Polar Vortex Talk Abounds, But U.S. Sees Mild Winter for Most
(Bloomberg) -- The U.S. is due for warmer-than-average weather across the South and most of the East Coast this winter, potentially easing natural gas shortfalls that have driven prices near record highs and spurred demand for coal around the globe.
Temperatures from Maine to Florida to Southern California are likely to be above average, the U.S. Climate Prediction Center said in its annual winter outlook released Thursday. The Pacific Northwest and Alaska are forecast to be colder than normal. The key meteorological condition is La Nina, when cool water in the Pacific Ocean affects weather patterns.
“During La Nina events, we do favor warmer-than-normal conditions,” Jon Gottschalck, head of the center’s operational prediction branch, said during a conference call.
The outlook signals demand for gas to heat homes will remain low over the next several months, freeing up more fuel for power plants. The global economic recovery has led to surging need for electricity and booming gas exports from the U.S. Mild weather will help ensure that utilities have adequate supplies of gas and coal to keep the lights on.
It also means there may be less of a push to curtail gas exports to Europe and Asia, where fuel shortfalls have already triggered power outages and blackouts.
The big question now is whether the U.S. will still see bursts of frigid weather at points this coming season. Last winter, the polar vortex -- a swirl of winds that locks cold air in the Arctic -- gave way and released in February a blast of icy air that reached all the way to Texas, crippling the electric grid and killing at least 210 people.
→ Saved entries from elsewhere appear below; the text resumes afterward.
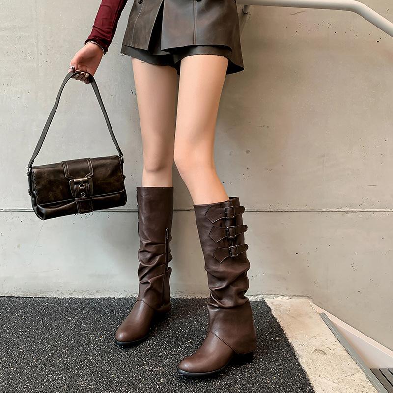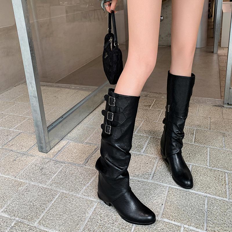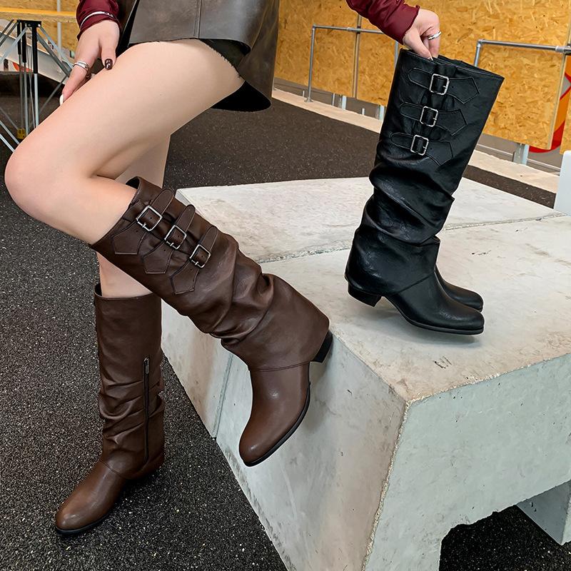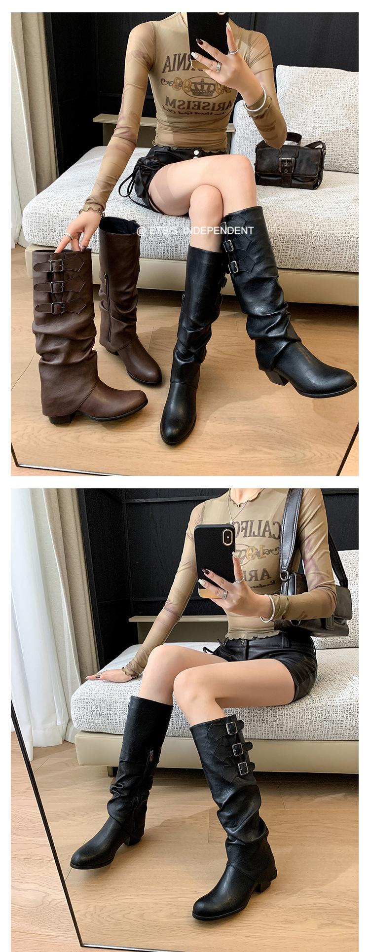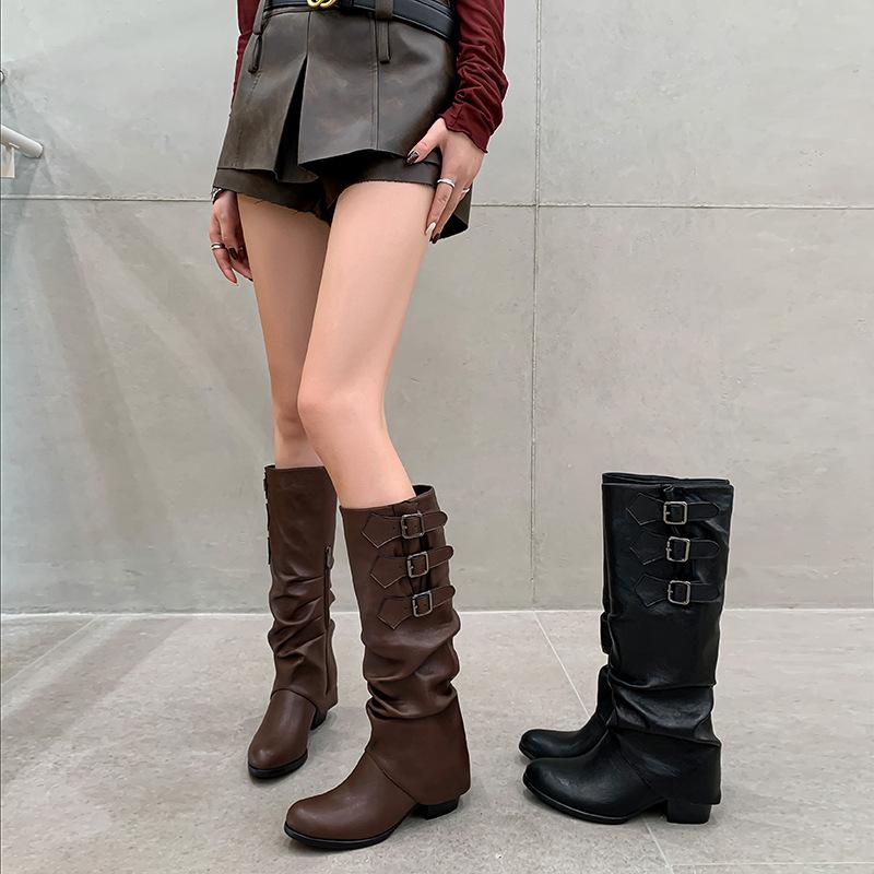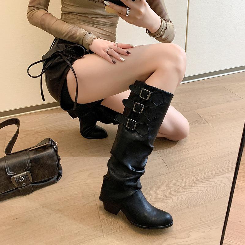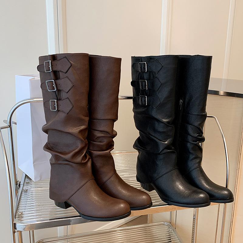 2025 Otoño e Invierno Nuevas Botas Altas de Tacón Grueso Plisadas Botas de Caballero de Tacón Medio con Hebilla de Cinturón Británico Botas de Moda Botas de Mujer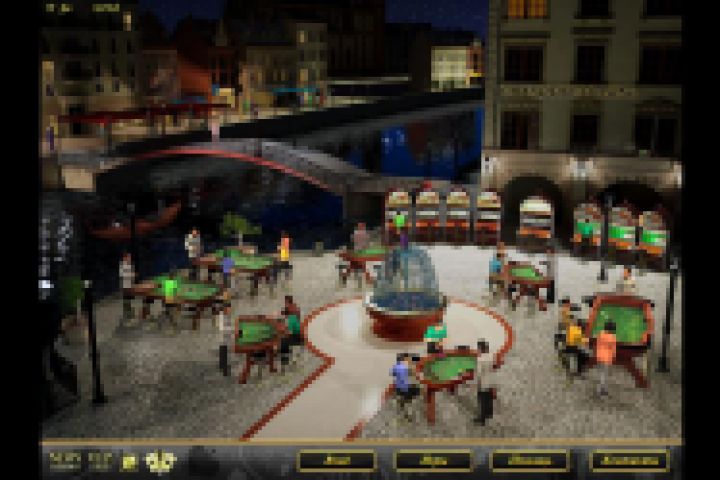 Анимированное лобби для Интернет казино Грандтаун (www.grandtowncasino.com) с играющими людьми, горящими вывесками, плещющимся фонтаном и плавающей лодкой.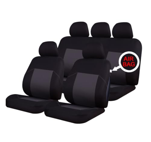 Sakura Bilsäte och nackstödsöverdrag Ealing SS5291 – komplett set svart universell storlek elastisk fåll sidokrockkudde kompatibel tvättbar enkel passform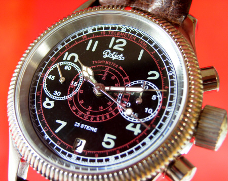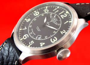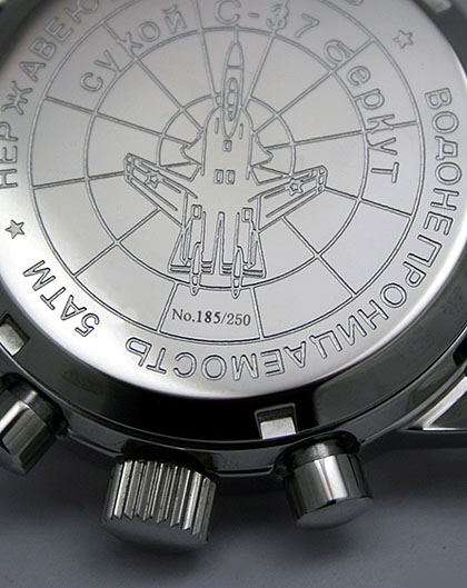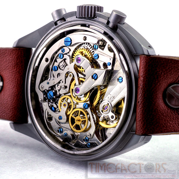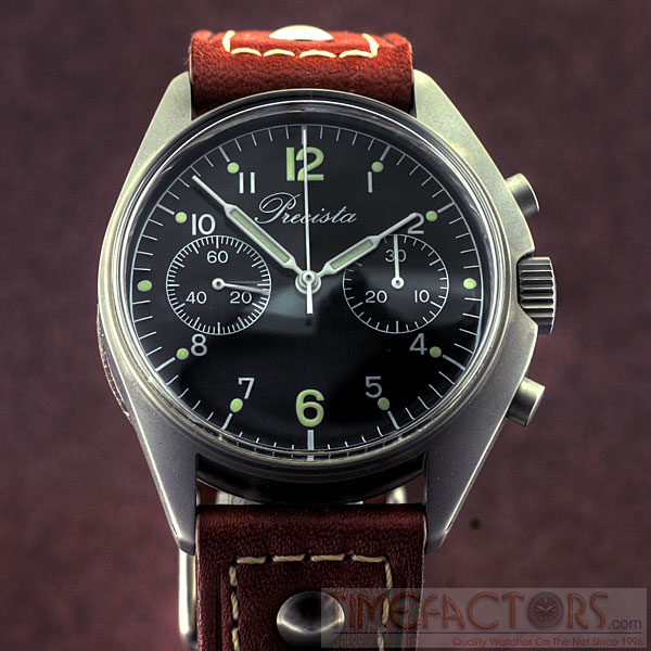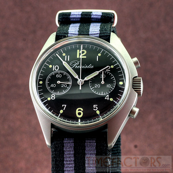 CASE Material 316L stainless steel, bead blasted Diameter 41mm across including crown, 37mm top to bottom Lug to lug height 45.5mmThickness 14.75mm to the top of domed crystal Lug spacing 20mm Anti-magnetic 4800 A/m Water resistance 50 metres Weight 60 grammes without strap Features Screw back, drilled lugs DIAL Colour Semi-matte black Luminous Hour dots, 12 & 6 Super Luminova C3 Day/Date None HANDS Style White painted, luminous filled Luminous Super Luminova C3 CRYSTAL Hi-dome acrylic MOVEMENT Seagull ST-19 column wheel hand-wind chronograph BATTERY N/A STRAP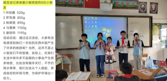 支部成员通过线上教学科普“双碳”,并课后开展“我的‘碳足迹’”实践活动,发放碳足迹记录表,让学生记录自己一天的碳排放量,活动持续时间为一周,共收回了350多份记录表,有力促进了学生环保习惯的养成。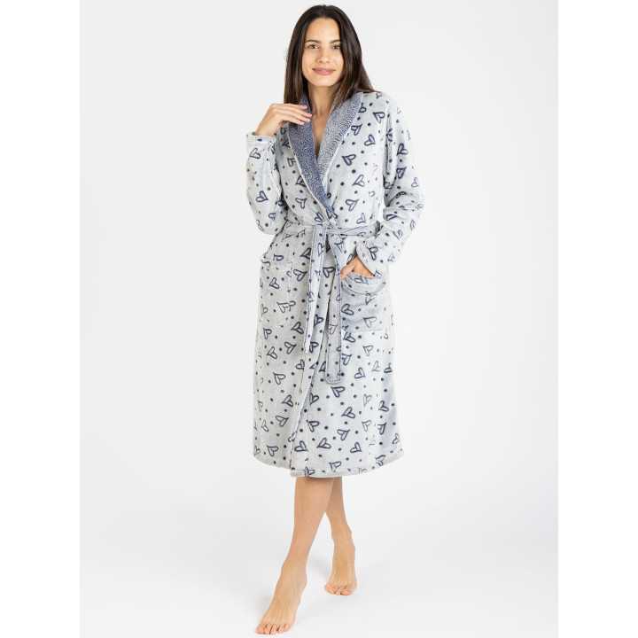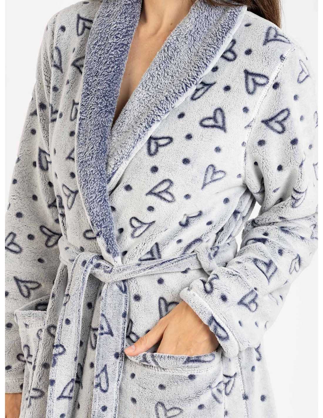 La bata reversible Tove está confeccionada en tejido imitación del muflón, de gran calidez ideal para el invierno. Tiene un precioso diseño con corazones con cinturón y bolsillos. Disfruta de tu ocio y tu descanso en tu hogar con nuestros pijamas.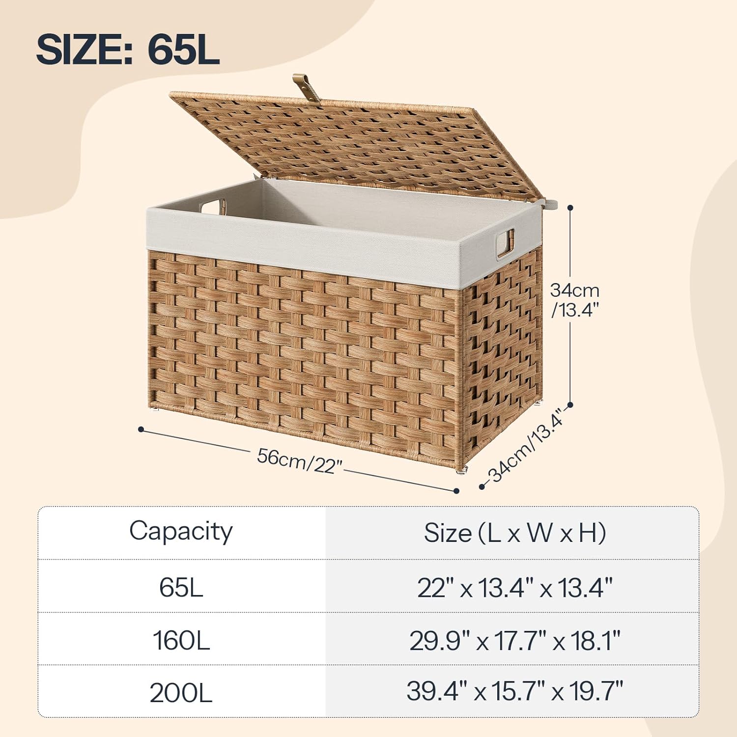 - Ultra-Spacious Storage: This 65L storage basket is a clutter-buster for bedrooms, etc. Its full-open lid lets you swiftly grab or stash clothes and blankets. No more messy chaos; it turns your space into a neat, organized haven

While Gottschalck didn’t rule out the chances of polar vortex conditions bringing on cold weather again, he said that’s more typical in the late winter and it’s too soon now to make accurate predictions.
La Nina also tends to move the typical track for winter storms in the Northeast further inland. That may mean lower snowfall from Washington, D.C., to New York.
In the near future, the forecast includes heavy rain in Northern California and the Pacific Northwest, the center said. As much a 10 inches of precipitation is expected, easing persistent drought conditions.
“The next several weeks will be a very wet period,” Gottschalck said.